Sebelum Reformasi Anggaran
Berdasarkan ICW, format APBN diklasifikasikan berdasarkan sector, tipe pengeluaran (klasifikasi ekonomi) serta berdasarkan organisasi. Klasifikasi sektoral diklasifikasikan ke dalam sector, sub sector, program dan kegiatan. Di dalam klasifikasi ini, terdiri dari 20 sektor dan 50 subsektor. Lalu beberapa program di break-down dari beberapa sector kepada belanja rutin dan belanja modal. Dengan susunan klasifikasi seperti ini, mengakibatkan para stakeholder kesulitan dalam mengukur keberhasilan pemerintah dalam menjalankan tugas dan fungsinya.
Anggaran Belanja Negara masih memberlakukan pemisahan antara belanja rutin belanja modal (dual budgeting). Belanja rutin negara terdiri dari belanja pegawai, belanja barang, pembayaran bunga utang, subsidi, dan belanja lain-lain. Tujuan utama pemisahan belanja rutin dan belanja modal/pembangunan ini adalah untuk menekankan pentingnya peranan program pembangunan.
Indonesia menggunakan line-item budgeting dan incremental budgeting system untuk anggaran rutin dan comprehensive programmed budgeting untuk anggaran belanja modal. Dalam pelaksanaannya, system ini menyebabkan duplikasi, overlap dan penyalahgunaan, misalnya dalam belanja pegawai bisa dikategorikan sebagai elemen belanja rutin atau belanja pembangunan.
Pemerintah menyadari bahwa pengelolaan keuangan negara yang dilaksanakan sampai saat ini perlu diadakan penyempurnaan terutama dalam mengatasi kelemahan seperti kurangnya keterkaitan antara perencanaan nasional, penganggaran dan pelaksanaannya. Kemudian kelemahan dalam pelaksanaan penganggaran yang menggunakan line-item budget dimana usulan anggaran didasarkan perubahan tertentu (incremental) atas anggaran sebelumnya. Oleh karena itu, pemerintah merasa harus segera melakukan reformasi pengelolaan keuangan negara agar memenuhi syarat pengelolaan yang transparan, akuntabel, dapat diprediksi/ predictability dan memperhatikan partisipasi.

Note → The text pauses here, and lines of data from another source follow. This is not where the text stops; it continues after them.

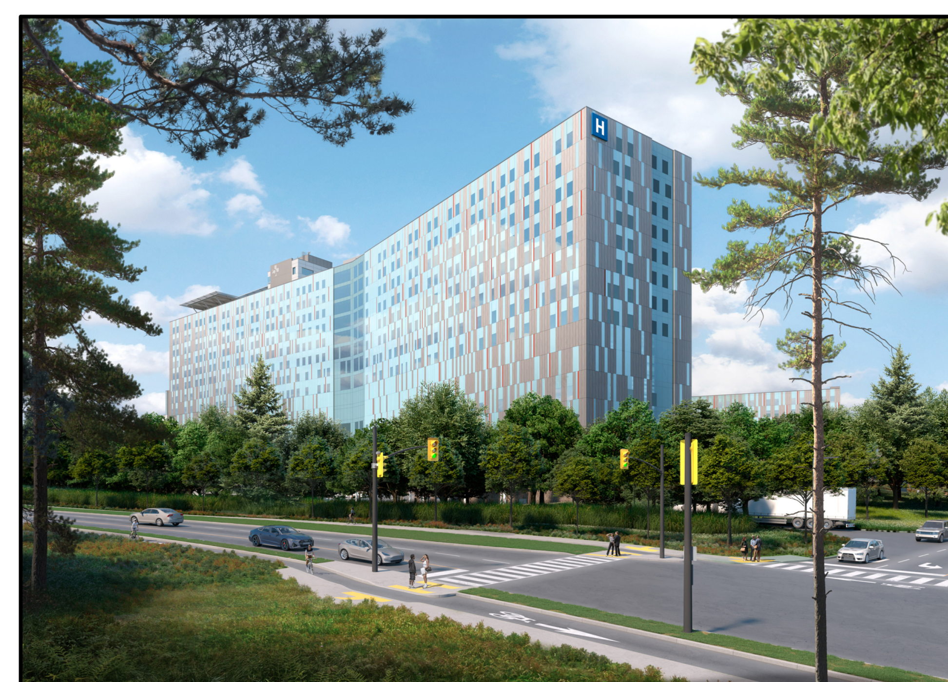
View 6: Summer View

NOTE: 1. RENDERINGS EXHIBIT THE EXPECTED OVERALL QUALITY OF DESIGN RELATED TO ARCHITECTURAL LANGUAGE, MATERIAL USAGE, SPATIAL DESIGN AND LANDSCAPE. RENDERINGS ARE NOT INDICATIVE OF ALL REQUIRED ELEMENTS, INCLUDING, BUT NOT LIMITED TO, FENCING, SIGNAGE, PASSENGER AMENITIES, BIRD FRIENDLY DESIGN REQUIREMENTS, FURNITURE ETC. 2. RENDERINGS SHOW PLANTING AT MATURING, NOT SHOWING SIZE AT INSTALLATION.
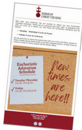
New Eucharist Adoration Hours Announced

Utilizing this quantitative insight, Christ the King incorporated a "Eucharistic Revival" into the curation of their data-informed pastoral plan. Recognizing the profound significance of the Eucharist as the "source and summit of our faith" (Catechism of the Catholic Church, 1324), the parish wasted no time in prioritizing it across all facets of parish life.
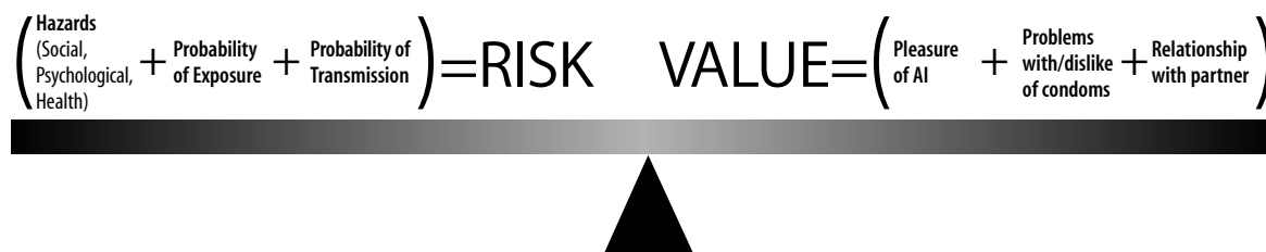
Figure 6.1: Factors influencing decisions to engage in UAI.

The magnitude of risk associated with UAI will depend on: the perceived threat to one's social stability or psychological and physical health; how likely it is that one's partner will be exposed to HIV and if so; the likelihood that he will become infected as a result. On the other hand, the value of UAI is influenced by how pleasurable anal intercourse is to both partners, whether or not either of them experiences difficulties using condoms or simply dislikes them as well as the relationship between both partners. For example, for some men, anal intercourse with a long term beloved partner is particularly valuable while for others anonymous anal intercourse is experienced as particularly exciting.
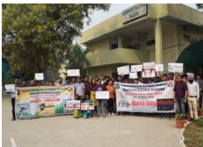
Group Photograph of CUPB students and faculty members at the start of Unity Walk

The programme started with the Walk for Unity, in which more than 150 students & faculty members walked together around the campus. After this, all the participants took the Integrity Pledge & Vigilance Awareness
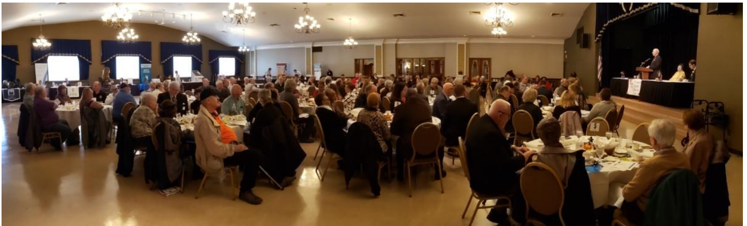
Panoramic view of the 2019 WIARA Power Luncheon at the Tripoli Shriners Taj Mahal Temple.
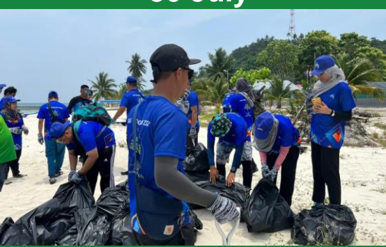
Pulau Aur Beach Cleaning

Collaboration with Jabatan Perikanan Negeri Johor and community of Pulau Aur
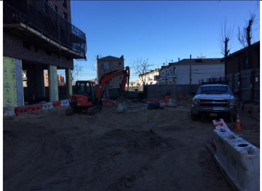
Photo 2- View of utility and formwork installation in A3, A4, B3, and B4.

Photo 1- View of excavating clean fill in A5.
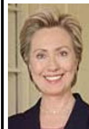
HILLARY CLINTON (D)
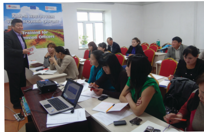
Workshop for extension officers

Due to practical reasons, the CESCO implementation period has been extended until June 30, 2017, in order to achieve some incomplete activities.
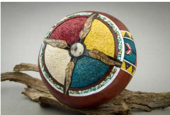
C C Rice Southwest / Native American Inspired
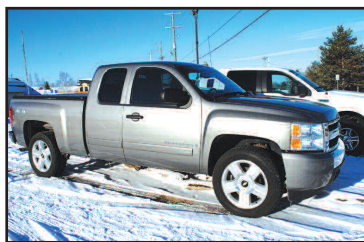
2008 CHEVY SILVERADO LT 4x4, 20 inch wheels, ext cab, soft tonneau cover, tow pkg, bedliner. AS LOW AS $199 A MONTH
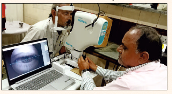
'FORUS' Fundus camera in Eye Department
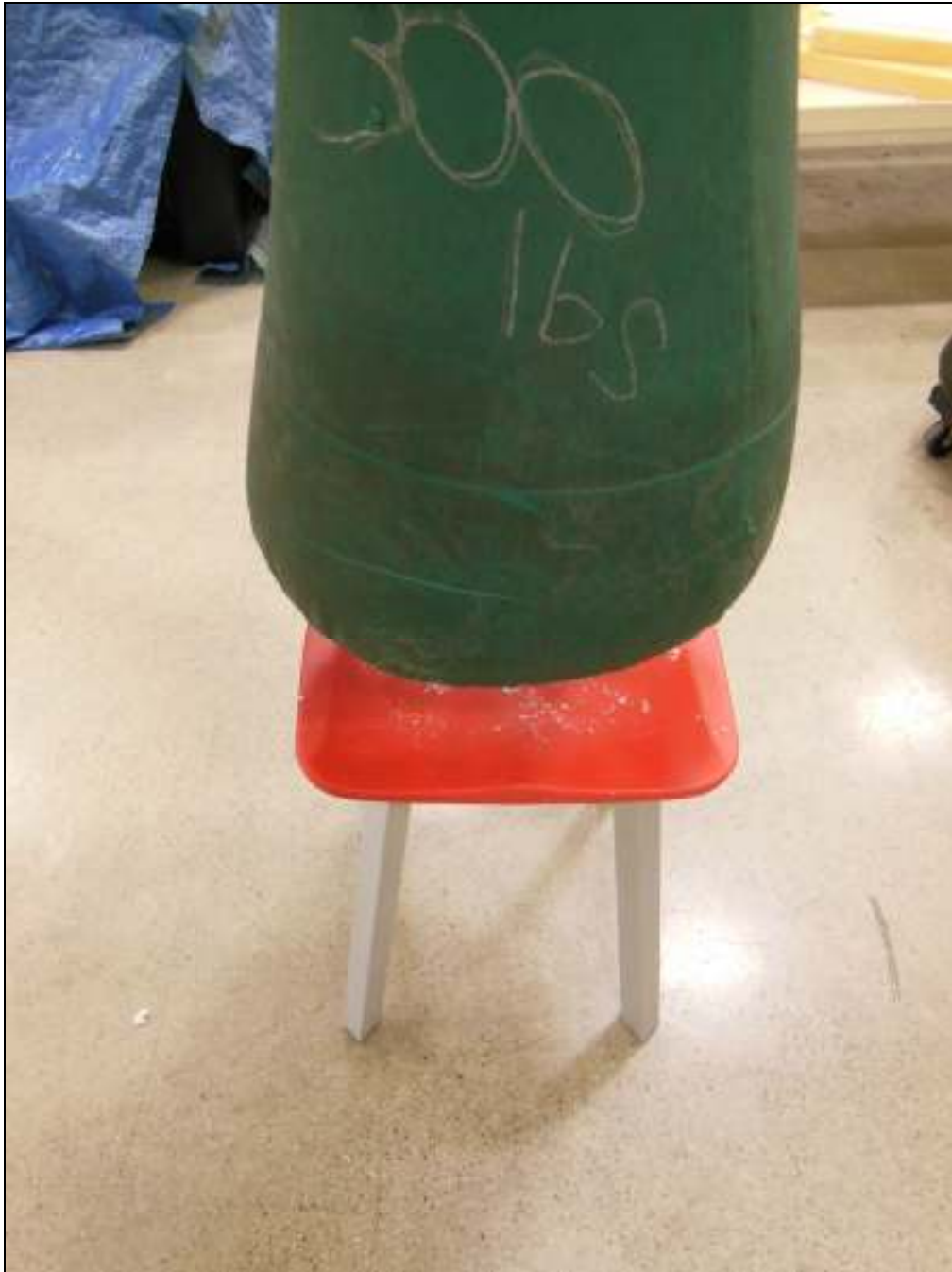
DROP TEST – DYNAMIC
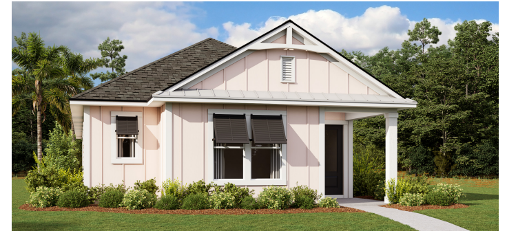
CARIBBEAN ELEVATION #1
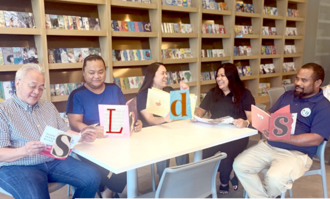
CNMI SLDS team taking a break from countless hours of grant writing.
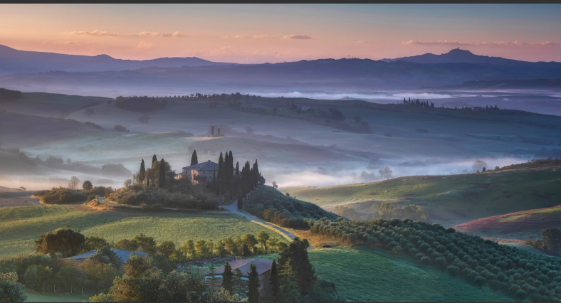
FIAP HM | WATSON GORDON, England, Misty Morning At Podere Belvedere
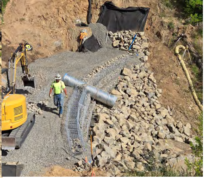
Culvert wall penetration, FSR5503 M.P. 1.28
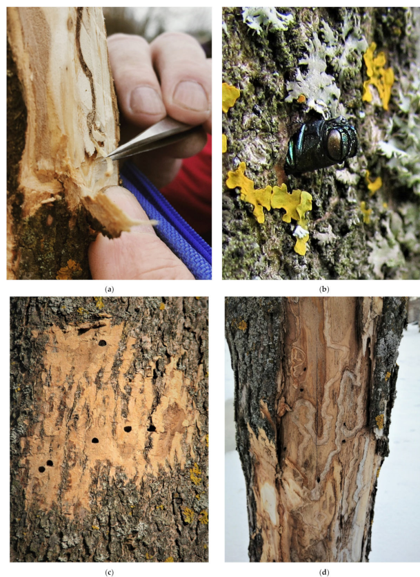
Figure 2. The emerald ash borer, Agrilus planipennis on ash trees in Saint Petersburg. (a) A larva being extracted from under the bark of Fraxinus pennsylvanica ; (b) an adult emerging through an exit hole; (c) exit holes in the bark of F. pennsylvanica ; (d) old galleries of the beetle on the dry-sided stem of F. pennsylvanica .

During the investigations, the lower part of the tree stems was visually inspected for incidence of bark loosening and cracks and the presence of characteristic exit holes of adult beetles and galleries of their larvae (Figure 2). The upper part of a stem and thick branches were inspected using Zeiss TERRA ED 8 × 32 binoculars (Oberkochen, Germany). Each tree where the attack of EAB was detected was felled and examined in detail. We followed routine practices of the Saint Petersburg City Administration for the removal of ash trees with various types of damage that represent a potential threat to the public and property. The number of trees examined, types of plantations, and GPS coordinates of localities are given in Table 1.
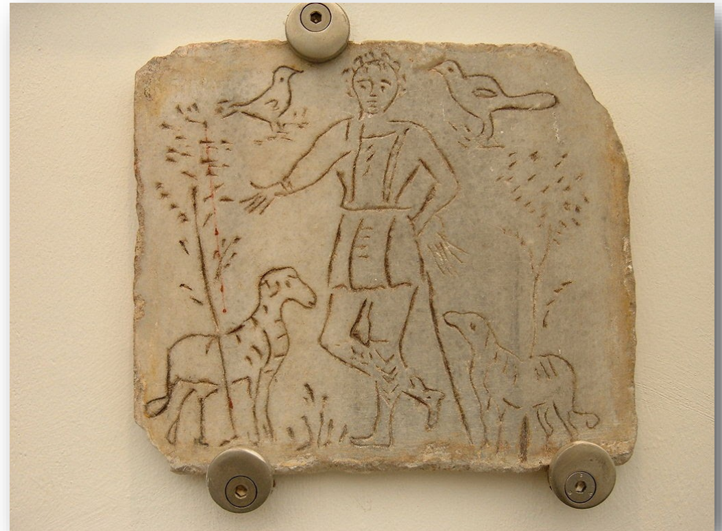
Christ, the Good Shepherd, a plaque taken from Museum of the Baths of Diocletian, Rome

St. John's Episcopal Church 100 South Main Street | P. O. Box 5068 Southampton, New York 11969-5068 (631) 283-0549
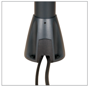
Cables may exit above or below counter
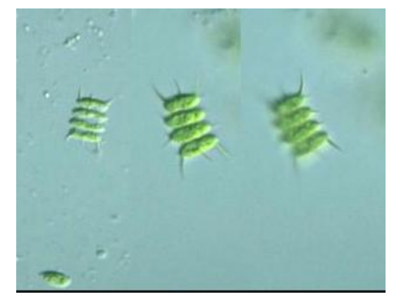
Fig 1 Scenedusmus abundans

chain the second generation of biofuel production has started from non-food feed stocks. These non-food feed stock are extracted from microalgae and lingo-cellulose biomass, rice straw and some microbial sources. Algal basic requirements are sun light, CO_2 and water. It can flourish in non-arable lands and even in waste water.
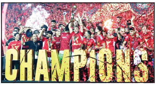
Al-Ain players celebrate on the podium after winning the Asian Champions League title.
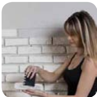
2. Apply glue
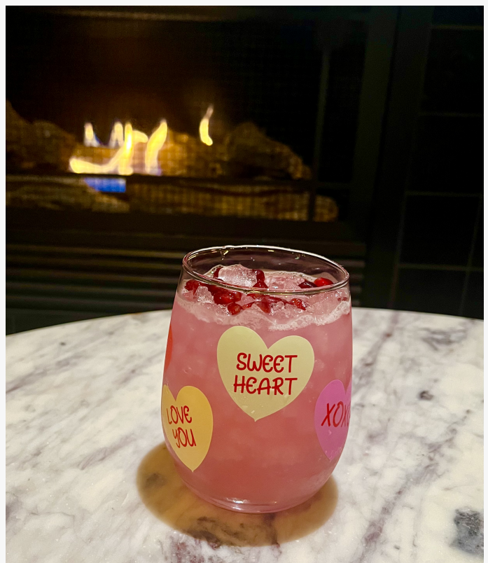
Tunnel of Love Cocktail at The Dandy Crown
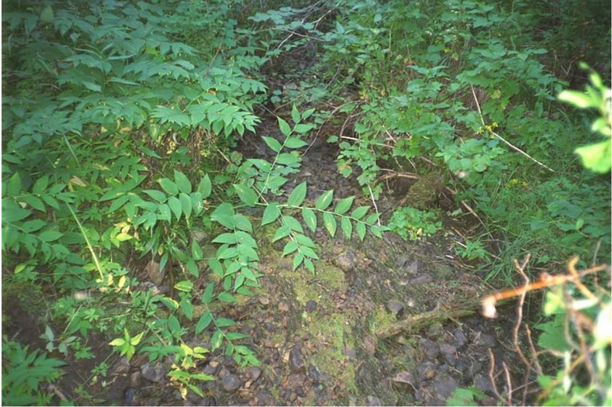
Direction of Photo: U CD #: 2 Image #: 25 Roll #: P2 Frame #: 5 Comment: View of site 100 meters downstream of pond at the start of reach 5.

Site # 3 ILP # 70013 ILP Map # 093L.006 Reach # 4.0 Watershed Code: 000-000000-00000-00000-0000-0000-000-000-000-000-000-000
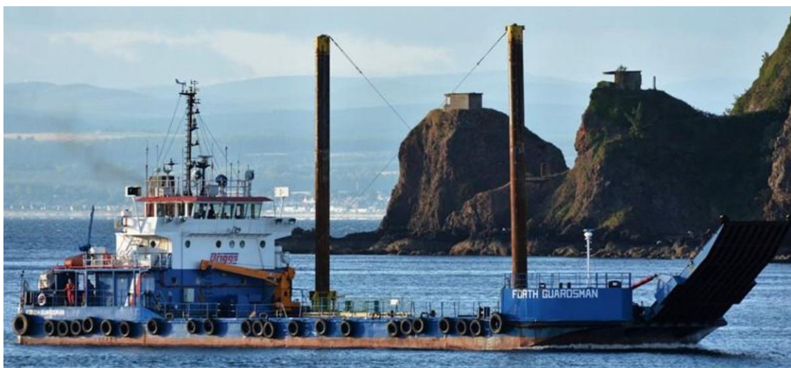
Boulder Clearance Vessel: Forth Guardsman
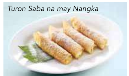
Turon Saba na may Nangka
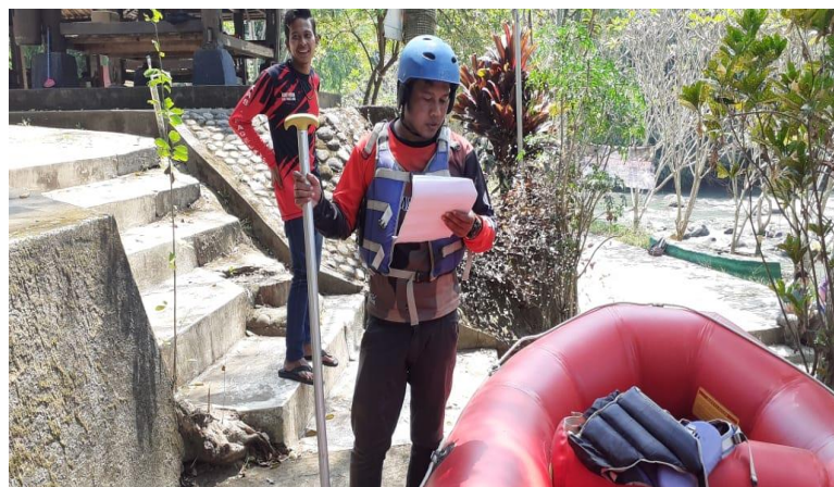
Figure 4. English Communication Simulation Activity by Tour Guides

To expedite the tour guides in practicing their English communication, the second stage was learning activity through direct practice using props and real environment simulation (in a condition of serving a tourist). The simulation activity in English is illustrated in Figure 4.
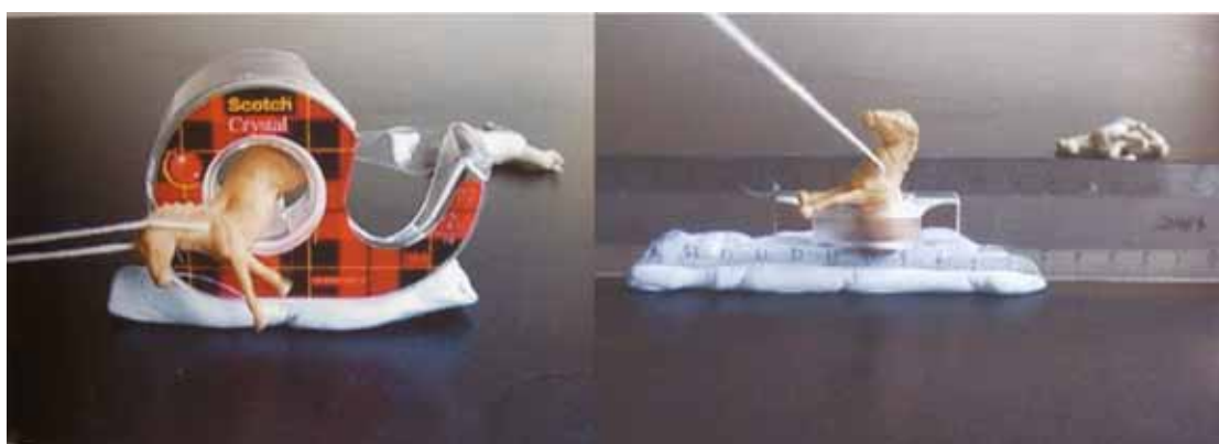
Figure 9. Lou Hubbard HACK (Video Still) 2006, DVD 6.9 minutes 121
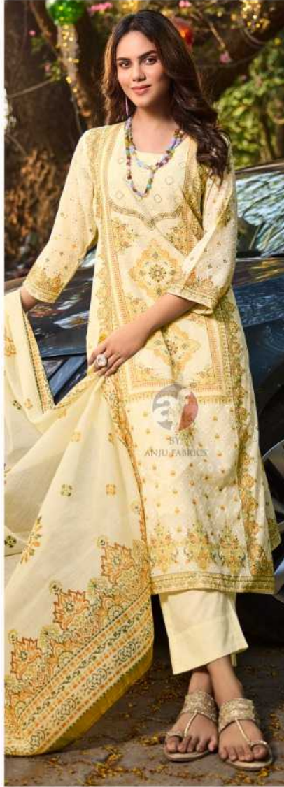
D.no.3725 Flairs VOL-3
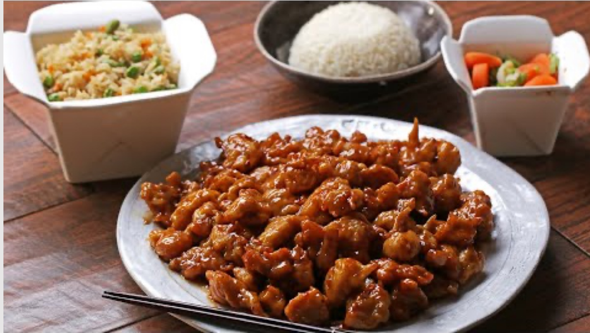
The Original Orange Chicken by Panda Express 11,171,239 views • Feb 28, 2018
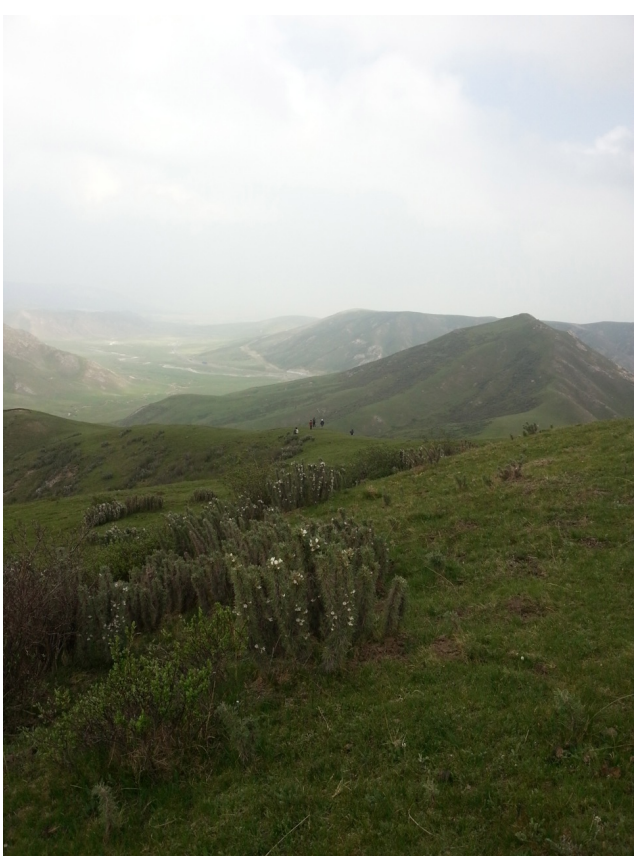
Day 4, 15th June

Heading to Chaka birding on the way near Qinghaihu Lake, got Tibetan Lark, Black-necked Crane, Isabelline Wheatear, Oriental Skylark, Mongolian and Horned Lark, Twite, Rock Sparrow, Rufousnecked, Black-winged and White-rumped Snowfinch, Ground Tit, Brown and Robin Accentor quite common there, Pale Martin, Commone Stonechat, Alpine Leaf Warbler, Common and Upland Buzzard, Golden Eagle, Himalayan Griffon, by hard searching finally got the amazing male Przevalski's Rosefinch (Pink-tailed Bunting) displaying to a female! Also an unexpected male stunning Streaked Rosefinch, Tibetan Partridge. Overnight in Chaka.

Setelah Reformasi Keuangan Negara
Sejak tahun 2003, reformasi keuangan negara mencapai babak baru dengan disahkannya Undang-undang nomor 17/2003 tentang Keuangan Negara. Setelah itu, pada tahun 2004 disahkan beberapa produk perundang-undangan yang merupakan satu kesatuan paket reformasi keuangan negara, diantaranya: UU no. 1/2004 tentang Perbendaharaan Negara; UU no. 15/2004 tentang Pemeriksaan Pengelolaan dan Tanggung Jawab Keuangan Negara.; serta UU no.25/2004 tentang Sistem Perencanaan Pembangunan Nasional. Munculnya peraturan perundang-undangan ini telah merubah cara pengelolaan keuangan Negara Republik Indonesia.
Dalam UU no 17 tahun 2003 tentang keuangan Negara, terdapat berbagai perubahan mendasar dalam pengelolaan keuangan Negara, dengan tiga kerangka konseptual utama, yaitu :
1. Penganggaran dengan persepektif jangka menengah (Medium Term Expenditure Framework, MTEF) yang mempunyai jangka waktu penganggaran yang lebih lama,
2. Penerapan penganggaran secara terpadu (Unified Budgeting) yang mengintegrasikan belanja rutin dan belanja modal, dan
3. Penerapan penganggaran berdasarkan kinerja (Performance-Based Budgeting) yang lebih output oriented daripada input oriented.
Implikasi dari reformasi keuangan Negara ini merubah format dan struktur anggaran belanja Negara, yaitu:
1. Pemisahan antara belanja pemerintah pusat dan pemerintah daerah
2. Semua belanja negara yang berhubungan dengan subsidi dan hibah harus dikategorikan sebagai subsidi
3. Semua “belanja lain-lain” yang tersebar di banyak komponen anggaran belanja pusat disatukan satu dalam “belanja lain-lain”.
4. Belanja modal dirubah menjadi format baru dan dibagi ke dalam semua jenis belanja.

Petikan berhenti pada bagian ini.